About this task
Within the entries below, please retype exactly the lines starting with the line that has "Từ ngày 1-3" and going on through the line that has "A soft-light vanity", but not the pictures.

━━━ Data for analysis

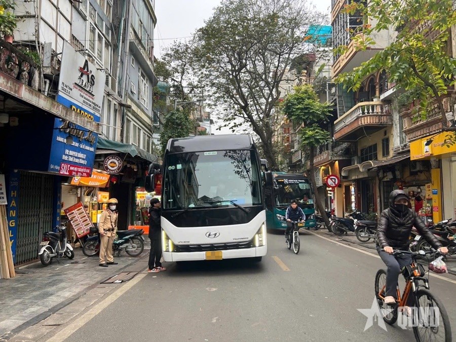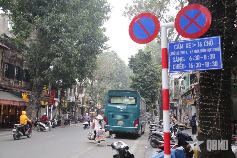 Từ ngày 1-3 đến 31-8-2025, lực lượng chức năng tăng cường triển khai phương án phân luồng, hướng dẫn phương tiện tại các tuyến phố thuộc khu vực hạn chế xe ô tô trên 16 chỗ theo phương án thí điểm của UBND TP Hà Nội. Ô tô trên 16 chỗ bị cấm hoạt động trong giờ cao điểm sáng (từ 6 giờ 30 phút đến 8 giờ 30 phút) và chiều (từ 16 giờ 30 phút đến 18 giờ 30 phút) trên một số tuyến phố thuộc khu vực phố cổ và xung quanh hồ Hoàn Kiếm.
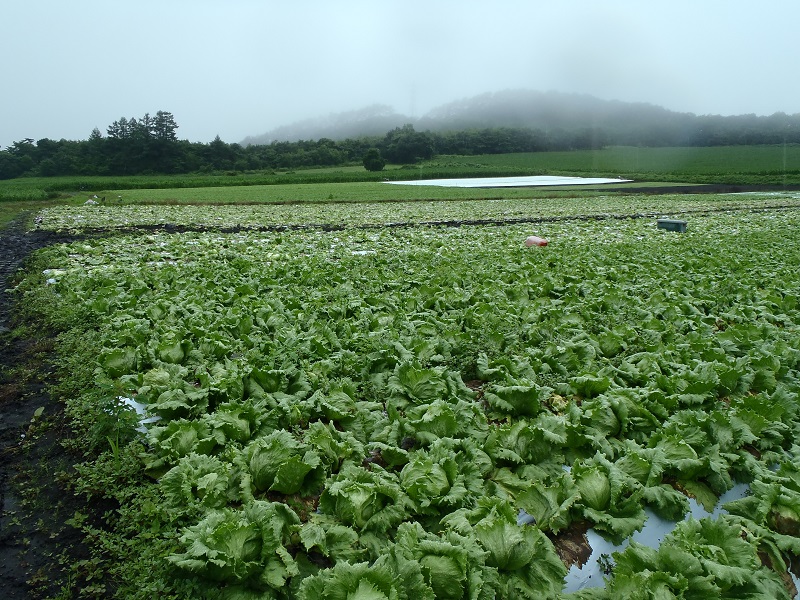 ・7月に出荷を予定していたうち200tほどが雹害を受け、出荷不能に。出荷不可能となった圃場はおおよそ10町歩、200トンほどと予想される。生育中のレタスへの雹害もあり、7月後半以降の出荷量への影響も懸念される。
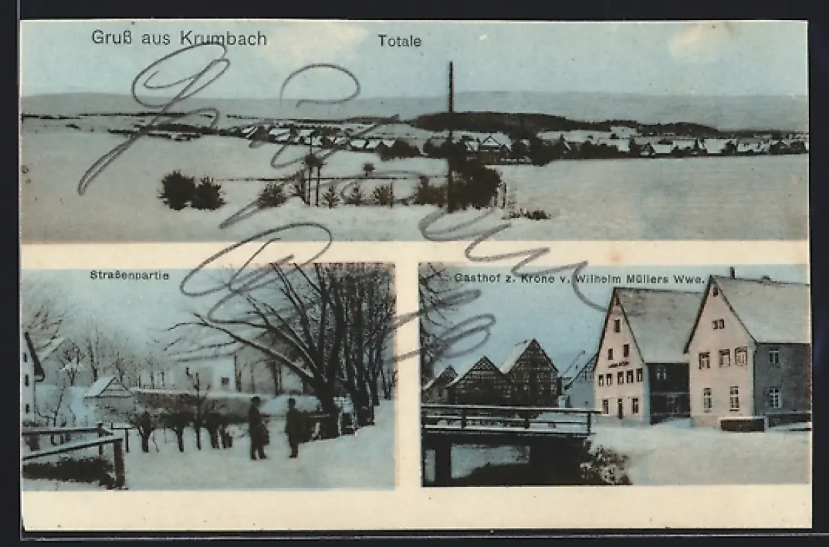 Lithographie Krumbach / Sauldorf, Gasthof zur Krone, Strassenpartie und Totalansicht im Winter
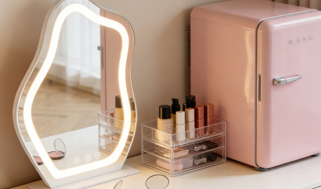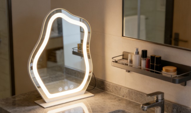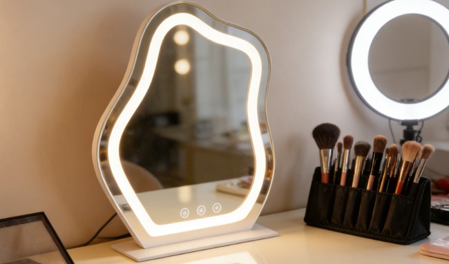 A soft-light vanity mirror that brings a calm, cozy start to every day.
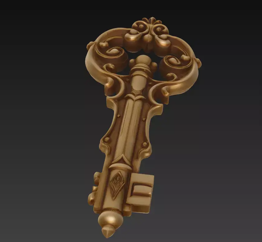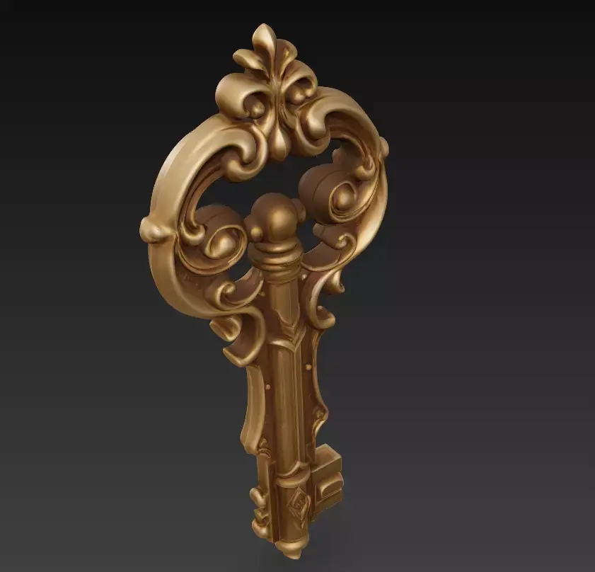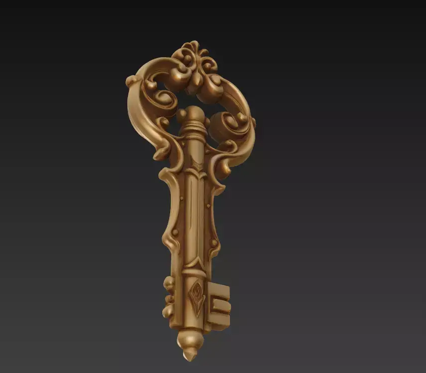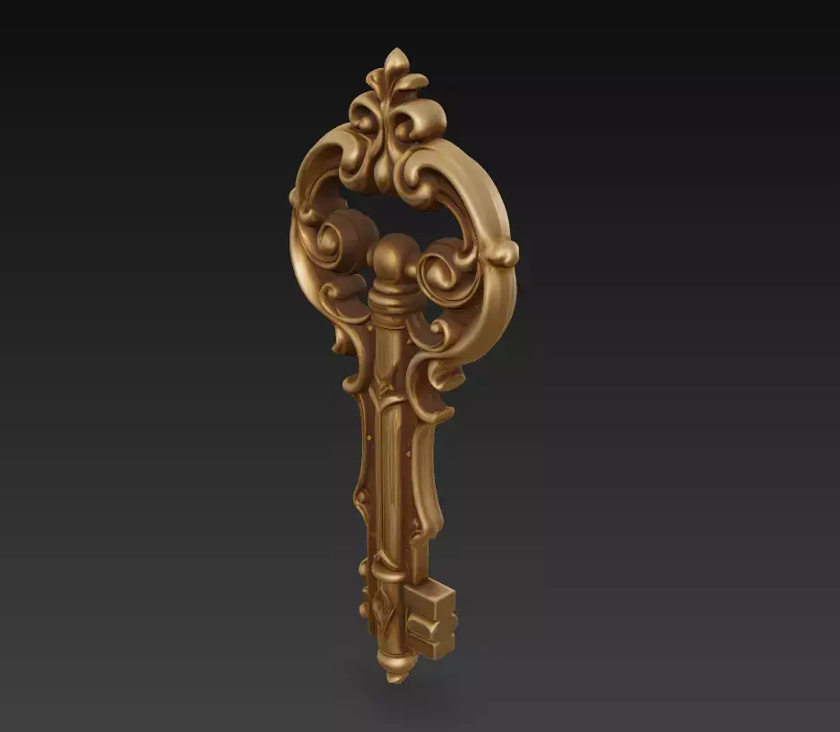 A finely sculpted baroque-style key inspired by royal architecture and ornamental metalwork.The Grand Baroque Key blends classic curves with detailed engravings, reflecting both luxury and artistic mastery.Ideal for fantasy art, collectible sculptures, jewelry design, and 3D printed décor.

━━━━━━
━━━ Data for analysis

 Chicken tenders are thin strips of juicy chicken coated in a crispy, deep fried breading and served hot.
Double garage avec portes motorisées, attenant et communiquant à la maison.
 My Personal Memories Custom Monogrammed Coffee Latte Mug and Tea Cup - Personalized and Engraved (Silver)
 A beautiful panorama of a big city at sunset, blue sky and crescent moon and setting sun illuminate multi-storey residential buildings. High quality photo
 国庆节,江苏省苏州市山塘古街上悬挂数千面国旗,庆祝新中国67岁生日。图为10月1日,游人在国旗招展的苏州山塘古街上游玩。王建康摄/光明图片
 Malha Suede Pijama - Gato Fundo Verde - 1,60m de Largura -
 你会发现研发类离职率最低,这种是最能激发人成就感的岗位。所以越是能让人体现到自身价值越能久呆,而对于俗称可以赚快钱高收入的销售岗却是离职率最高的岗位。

━━━━━━
━━━ Data for analysis

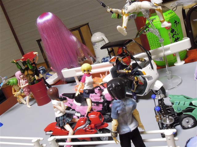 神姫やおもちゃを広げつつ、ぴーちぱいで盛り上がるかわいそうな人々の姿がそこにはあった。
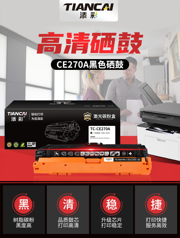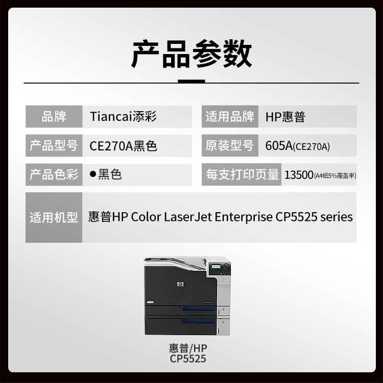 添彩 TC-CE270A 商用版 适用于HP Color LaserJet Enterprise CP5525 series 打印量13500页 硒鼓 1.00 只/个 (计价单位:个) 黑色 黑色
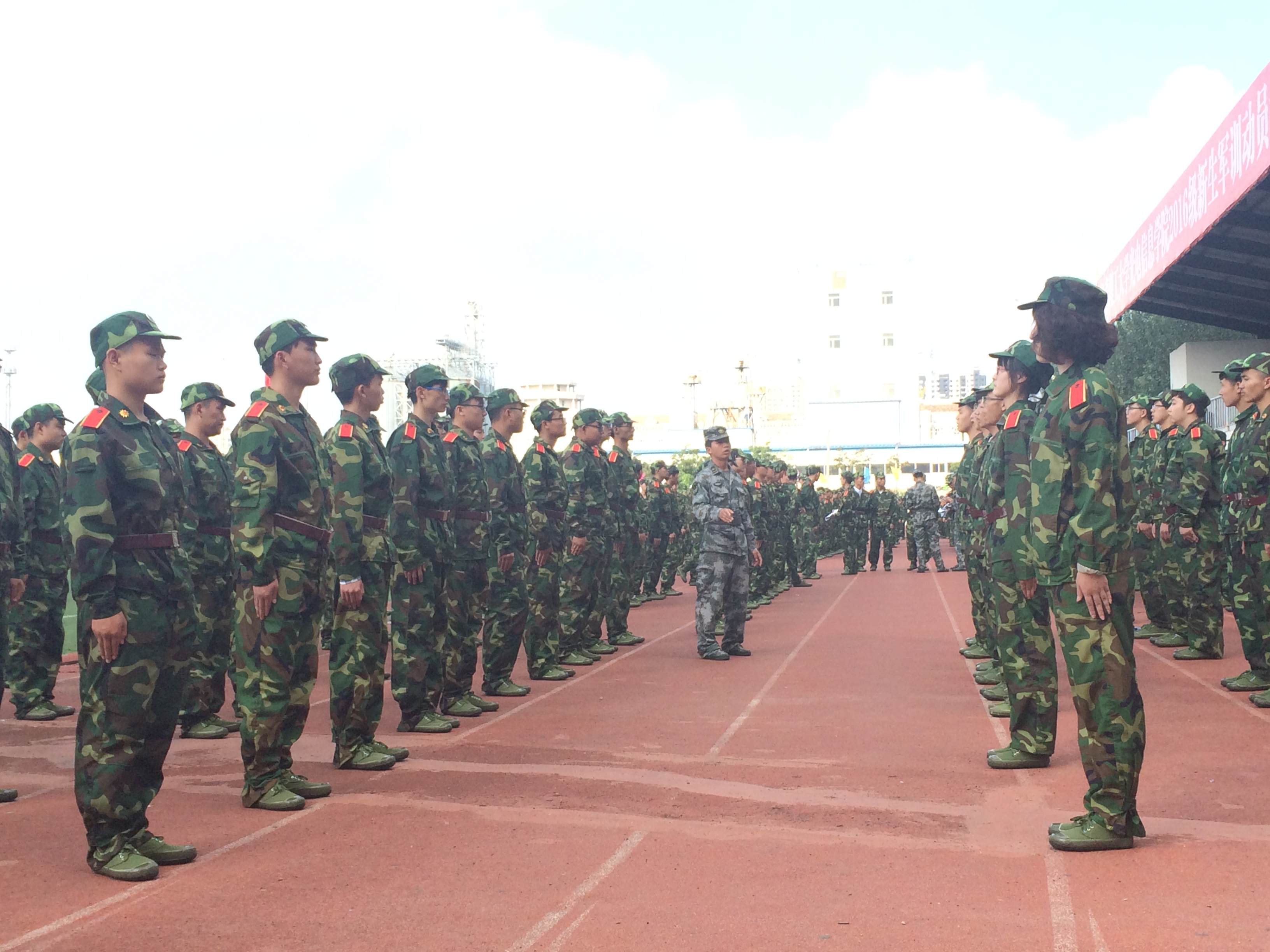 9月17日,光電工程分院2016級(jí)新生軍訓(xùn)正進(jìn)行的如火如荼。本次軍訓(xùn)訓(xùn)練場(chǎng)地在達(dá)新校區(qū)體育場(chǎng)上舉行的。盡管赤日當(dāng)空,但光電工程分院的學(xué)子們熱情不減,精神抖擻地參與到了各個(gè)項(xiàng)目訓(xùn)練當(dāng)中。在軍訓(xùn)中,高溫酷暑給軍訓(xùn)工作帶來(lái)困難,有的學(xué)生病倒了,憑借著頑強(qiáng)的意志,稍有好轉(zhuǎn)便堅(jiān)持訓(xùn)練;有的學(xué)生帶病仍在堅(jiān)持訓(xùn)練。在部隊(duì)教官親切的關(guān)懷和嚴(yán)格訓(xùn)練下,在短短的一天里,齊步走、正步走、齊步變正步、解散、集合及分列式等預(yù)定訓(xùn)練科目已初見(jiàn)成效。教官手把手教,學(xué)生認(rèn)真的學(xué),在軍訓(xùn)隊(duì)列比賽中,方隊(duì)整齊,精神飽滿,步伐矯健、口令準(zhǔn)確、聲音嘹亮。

━━━━━━

Exercise output
 Từ ngày 1-3 đến 31-8-2025, lực lượng chức năng tăng cường triển khai phương án phân luồng, hướng dẫn phương tiện tại các tuyến phố thuộc khu vực hạn chế xe ô tô trên 16 chỗ theo phương án thí điểm của UBND TP Hà Nội. Ô tô trên 16 chỗ bị cấm hoạt động trong giờ cao điểm sáng (từ 6 giờ 30 phút đến 8 giờ 30 phút) và chiều (từ 16 giờ 30 phút đến 18 giờ 30 phút) trên một số tuyến phố thuộc khu vực phố cổ và xung quanh hồ Hoàn Kiếm.
 ・7月に出荷を予定していたうち200tほどが雹害を受け、出荷不能に。出荷不可能となった圃場はおおよそ10町歩、200トンほどと予想される。生育中のレタスへの雹害もあり、7月後半以降の出荷量への影響も懸念される。
 Lithographie Krumbach / Sauldorf, Gasthof zur Krone, Strassenpartie und Totalansicht im Winter
 A soft-light vanity mirror that brings a calm, cozy start to every day.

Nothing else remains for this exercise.